Summary judgment is warranted, after adequate time for discovery, against a party who fails to make a showing sufficient to establish the existence of an element essential to that party's case and on which that party will bear the burden of proof at trial. Celotex, 477 U.S. at 322. "Under such circumstances, 'there can be no genuine issue as to any material fact, since a complete failure of proof concerning an essential element of the nonmoving party's case necessarily renders all other facts immaterial.'" Anderson v. CONRAIL, 297 F.3d 242, 247 (3d Cir. 2002) (quoting Celotex, 477 U.S. at 323). "[S]ummary judgment is essentially 'put up or shut up' time for the non-moving party: the non-moving party must rebut the motion with facts in the record and cannot rest solely on assertions made in the pleadings, legal memoranda, or oral argument." Berckeley Inv. Group, Ltd. v. Colkitt, 455 F.3d 195, 201 (3d Cir. 2006).
IV. Discussion.
Olin's complaint raises the following claims: (1) an Eighth Amendment excessive force claim with municipal and supervisory liability attached thereto; (2) a state law claim of assault and battery; and (3) another state law claim of intentional infliction of emotional distress. See doc. 1 at 2, 8 (raising "Violation of Eighth Amendment" at Count I; "Assault and Battery" at Count II; and "Intentional Infliction of Emotional Distress" at Count III) (alteration in original). We address each of these claims in turn.

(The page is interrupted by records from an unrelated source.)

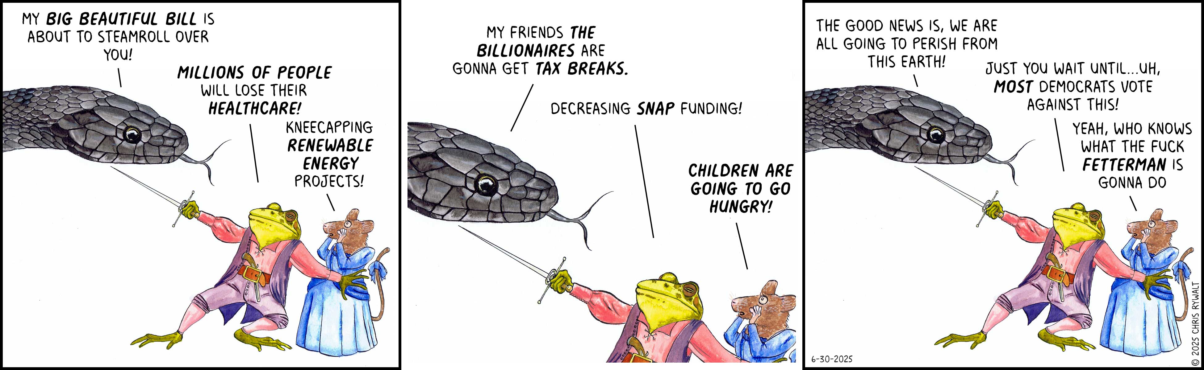 What sad aide has been chained in the basement of the Capitol for decades while forced to come up with the most ironic names for bills in Congress? The Big Beautiful Bill is anything but unless you're already filthy rich. The Republicans have even bypassed millionaires and gone straight into being the party of billionaires.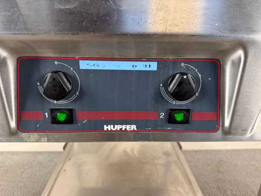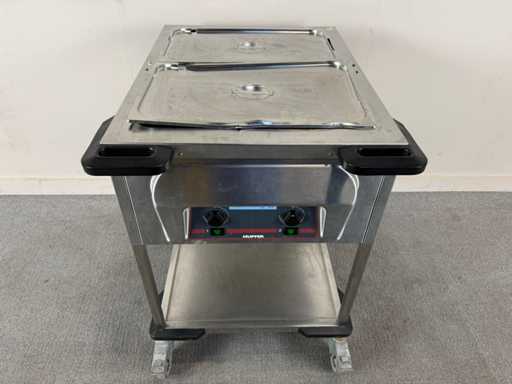 Professionele RVS warmhoudwagen van Hupfer, geschikt voor het warmhouden en serveren van gerechten in horeca-, catering- of grootkeukentoepassingen.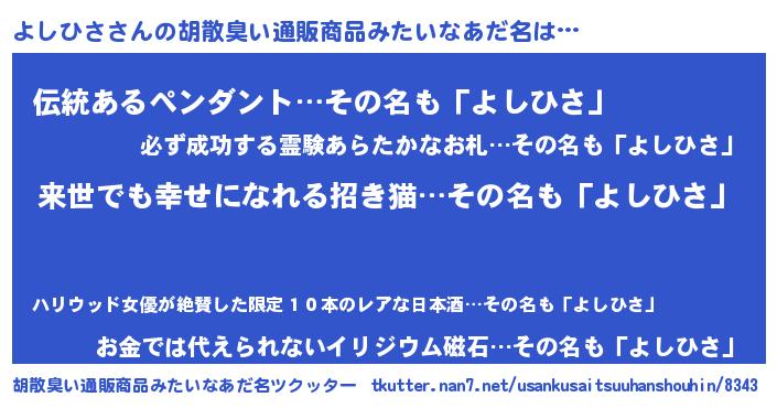| 男性向けラノベタイトル風あだ名 | 『よしひさという概念が存在しない退屈な世界 』 |

It is unclear to the Court whether Olin has also raised a conditions of confinement claim under the Eighth Amendment. Compare doc. 1 at ¶¶ 25-27 (alleging that Commander Wheary froze her money account and blocked visits by non-inmates, and further alleging that Warden Johnson, along with Commander Wheary, ordered that she be placed in "Max" and that all of her clothing and possessions be confiscated) with id. at ¶¶ 44-45 (claiming that the "acts of NCP officers," in freezing her money account, preventing outside visitors, and confiscating her papers and clothes, were acts done in violation of the Eighth Amendment). Moreover, neither party has addressed these allegations in their briefing of the present motion for summary judgment. Thus, the Court will also refrain from addressing these allegations at this time. --------
A. Moving Defendants are Entitled to Judgment as a Matter of Law on Plaintiff's Federal Civil Rights Claims.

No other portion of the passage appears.